In what could bring the company $39 million, Rosetta Genomics Ltd. filed for its initial public offering to fund research and development, including work on diagnostic products for prostate, lung, colorectal and breast cancers.

The Rehovot, Israel-based company plans to offer 3 million shares at a price between $11 and $13 per share. It would list the shares on the Nasdaq National Market under the symbol "ROSG."

Underwriters include New York-based firms C.E. Unterberg, Towbin; Oppenheimer & Co.; and Maxim Group LLC. They have an overallotment option to purchase another 450,000 shares, which would bring the company $5.85 million in additional gross proceeds if priced at the top of the price range.

About $17 million in net proceeds from the IPO would be used for research and development activities, consisting of $1.5 million each for a prostate cancer and a lung cancer diagnostic product; $3 million each for a colorectal cancer and a breast cancer diagnostic product; and $4 million each for a CUP (cancers of unknown primary site) diagnostic product and a liver cancer therapeutic. Another $2.5 million in proceeds would be set aside to fund licensing and protection of intellectual property rights, and $12.6 million would fund business development and cover general corporate purposes.

Rosetta Genomics is studying a group of genes known as microRNAs, which are naturally expressed using instructions encoded in DNA. They are believed to play a role in regulating protein production and could be used to form diagnostics and therapeutics for cancer and infectious diseases.

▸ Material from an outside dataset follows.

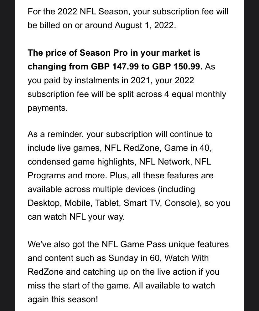 If you want to cancel or request a refund for a Free Trial click HERE. Not sure what that title is trying to say but if you cant access your Game pass account to cancel it another option is to call you bank or card provider and ask then to remove the continuous payment authority for NFL game pass. Blackout restrictions apply in the UKIRL during the regular season.

Diagnostic tests based on microRNAs may provide information that result in the earlier detection of diseases and the ability to make individual treatment decisions.

MicroRNAs, Rosetta said, are expressed in different amounts in diseased vs. healthy cells and therefore can be used in diagnostic tests and as targets for therapeutics. Drugs that use microRNAs as targets might be more effective than existing classes of drugs because microRNAs are believed to be closer to the biological origin of the disease.

The idea is that drugs targeting microRNAs might take less time to design than others because they won't require scanning large libraries. MicroRNAs have known sequences, so developing a targeted drug would require a molecule that is a complementary sequence of that particular microRNA.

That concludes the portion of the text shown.